If batch.input.overflow is emitted at all, arroyo ran out of memory for batching and started breaking up your batches into smaller ones. You want to increase input_block_size in response. Note that when you do this, you may have to re-tweak max_batch_size and max_batch_time, as you were never hitting those configured limits before. Input overflow is not really all that expensive in Arroyo, but since it affects how batching works it can still make performance tuning of your consumer more confusing. Best to avoid it anyway.

If batch.output.overflow is emitted at all, arroyo ran out of memory when fetching the data from subprocesses, and so the response from subprocesses to the main processes is chunked. Output overflow is very expensive, and you want to avoid it. Increase output_block_size in response.

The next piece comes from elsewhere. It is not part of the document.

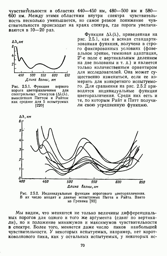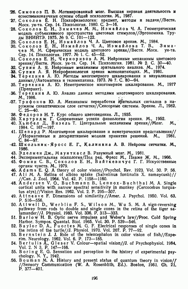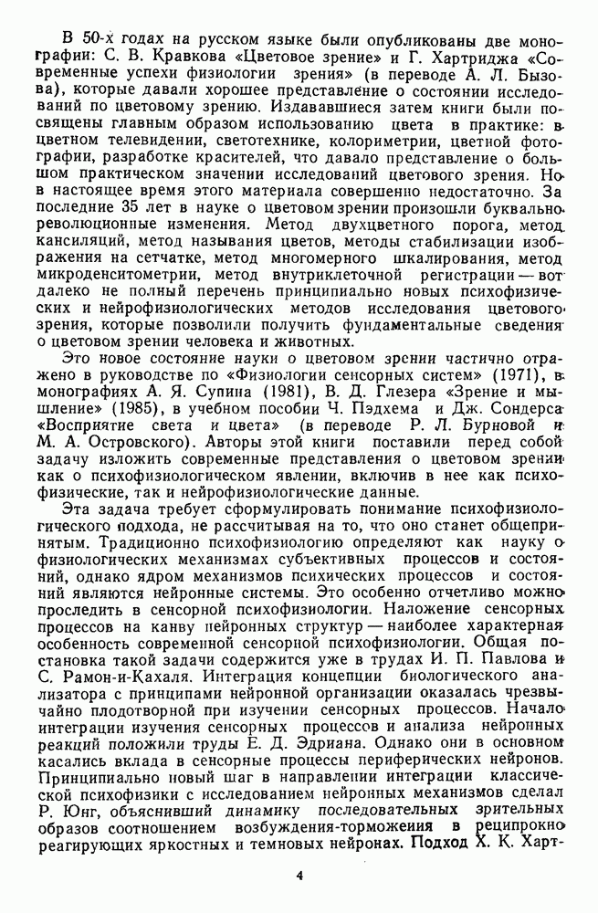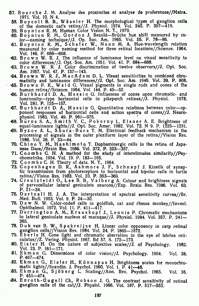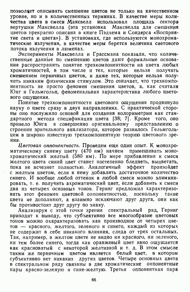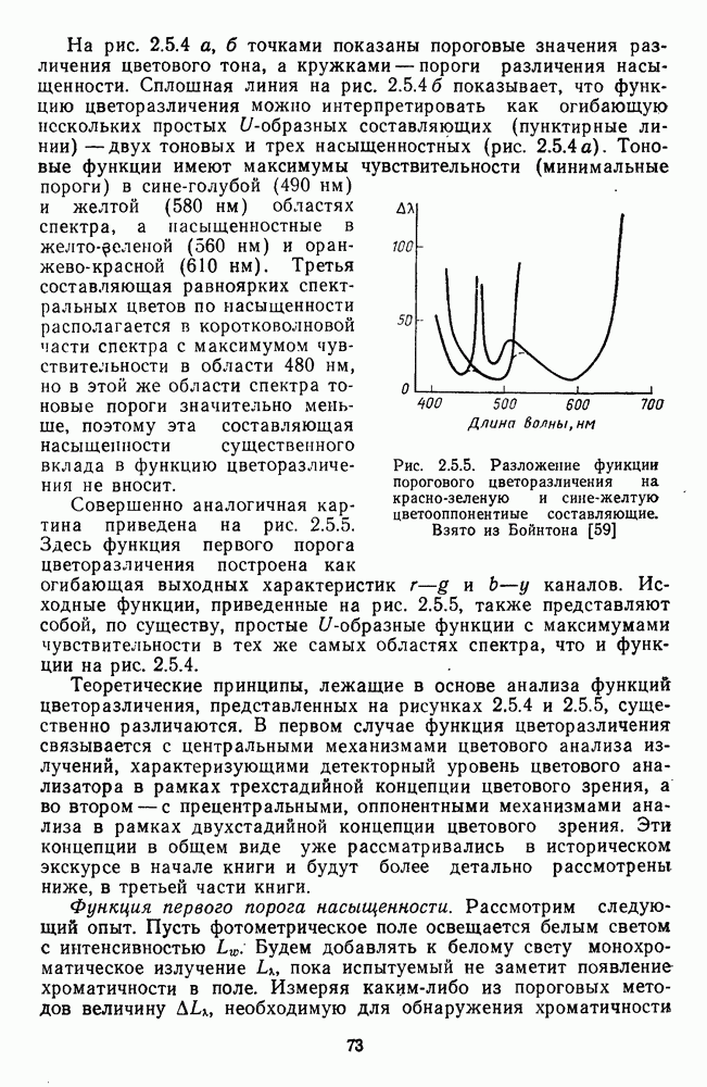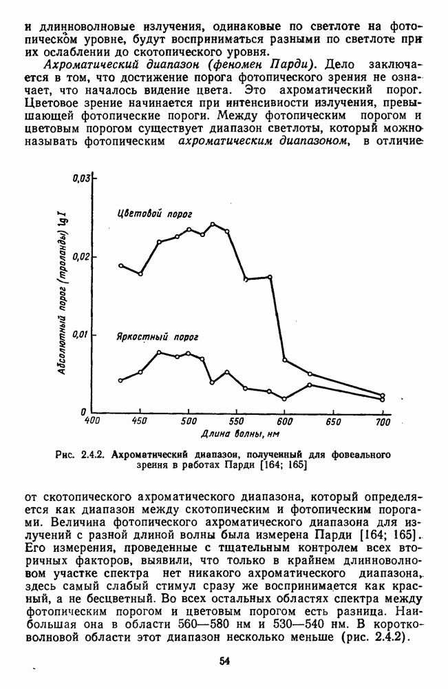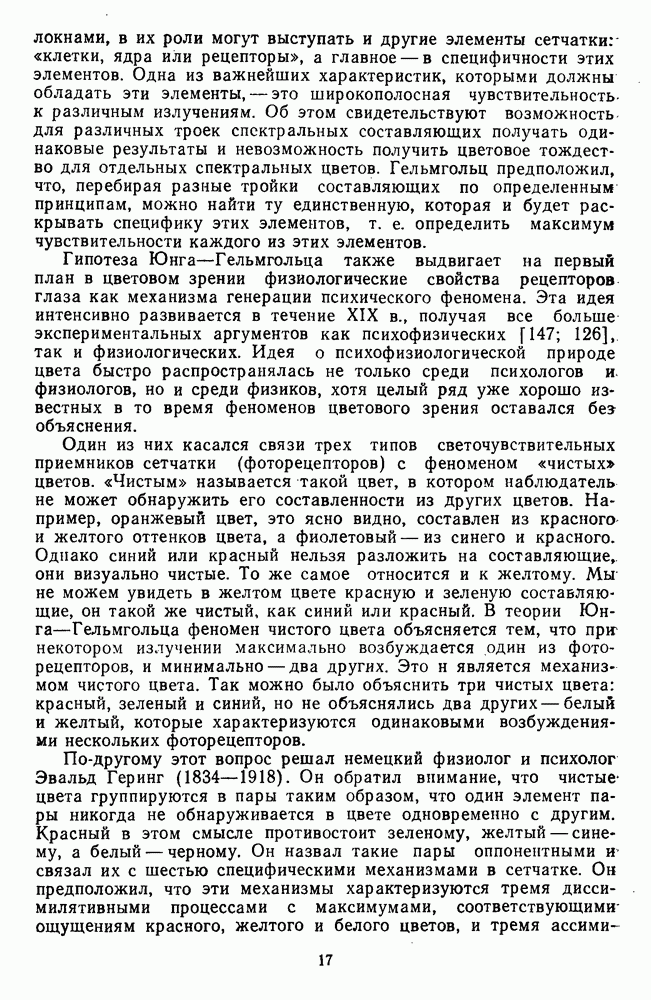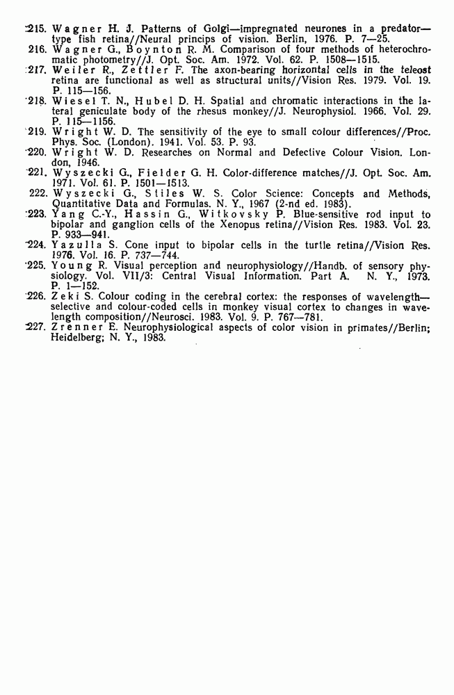 3.3.3. Особенности нейронов парво- и магноцеллюлярных слоевПо современным данным, нейроны НКТ, участвующие в кодировании цвета, локализуются в парвоцеллюлярных слоях [77; 74]. Здесь сконцентрированы тонические клетки спектральным составом излучения, но и яркостным контрастом стимула и фона. Интересно в этой связи, что максимально насыщенными цвета, кроме красных, воспринимаются не на темном фоне, а на светлом ахроматическом фоне [13]. Например, синий цвет наблюдается максимально насыщенным, тогда как его яркость составляет лишь Клетки Магноцеллюлярные слои также состоят из оппонентных нейронов с пространственно разнесенными в рецептивном поле входами от колбочек разного типа. Часть авторов связывают нейронные сети этих слоев с кодированием яркости [93], другая часть — с кодированием движущихся объектов [77]. В пользу последней точки зрения свидетельствуют такие свойства нейронов из крупноклеточных слоев, как выраженная чувствительность к высоким временным частотам, высокая контрастная чувствительность и большие рецептивные поля. Функциональные различия между нейронами из парво- и магноцеллюлярных слоев во многом определяются организацией их афферентных входов. В НКТ обезьяны ретинальные волокна от фазических и тонических ганглиозных клеток оканчиваются соответственно в крупно- и мелкоклеточных слоях. По свойствам реакций и строению РП фазические и тонические нейроны у обезьяны напоминают У- и Х-нейроны в зрительной системе кошки, у которой аксоны этих клеток также оканчиваются в разных слоях НКТ. Из различий в детекторных свойствах Анатомическая сегрегация нейронов с разными функциональными свойствами наблюдается уже в сетчатке, где отростки биполяров и ганглиозных клеток
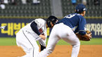 [OSEN=잠실, 이대선 기자] 23일 오후 서울 잠실야구장에서 ’2021 신한은행 SOL KBO 리그' 두산 베어스와 NC 다이노스의 경기가 열렸다.4회초 무사 1루에서 두산 김재호가 NC 나성범의 내야땅볼 때 1루주자 노진혁을 포스아웃 처리하

If batch.backpressure is continuously emitted, you are not bottlenecked on multiprocessing at all, but instead the next strategy can’t keep up and is applying backpressure. You can likely reduce num_processes and won’t notice a performance regression.

How to tune your consumer

Note that it doesn’t make sense to fix output overflow without fixing input overflow first. If you increase output block size to get rid of output overflows, then increase input block size, your effective batch size may increase to a point where you encounter output overflow again. If you encounter a lot of issues at once, best to fix them in this order:

  1. First, tune input_block_size to fix input overflow. This will increase average/effective batch size. Alternatively, set it to None (default) to let arroyo auto-tune it.

  2. Then, tune max_batch_size and max_batch_time so that you get the highest throughput. Test this by running your consumer on a backlog of messages and look at consumer offset rate (vs broker/total offset rate), or time it takes to get consumer lag back to normal. For as long as you have enough RAM, increment it in large steps (like 2x) and fine-tune afterwards.

  3. Then, tune output_block_size to fix output overflow. If in your previous tests there was a lot of output overflow, this will remove a lot of CPU load from your consumer and potentially also increase throughput.

  4. Now take a look at the batch.backpressure metric. If it is emitted, you need to optimize the next strategy (next_step) because that’s what you’re bottlenecked on. If it is not emitted, you may need to increase num_processes or increase batch size, so that RunTaskWithMultiprocessing itself is not the bottleneck.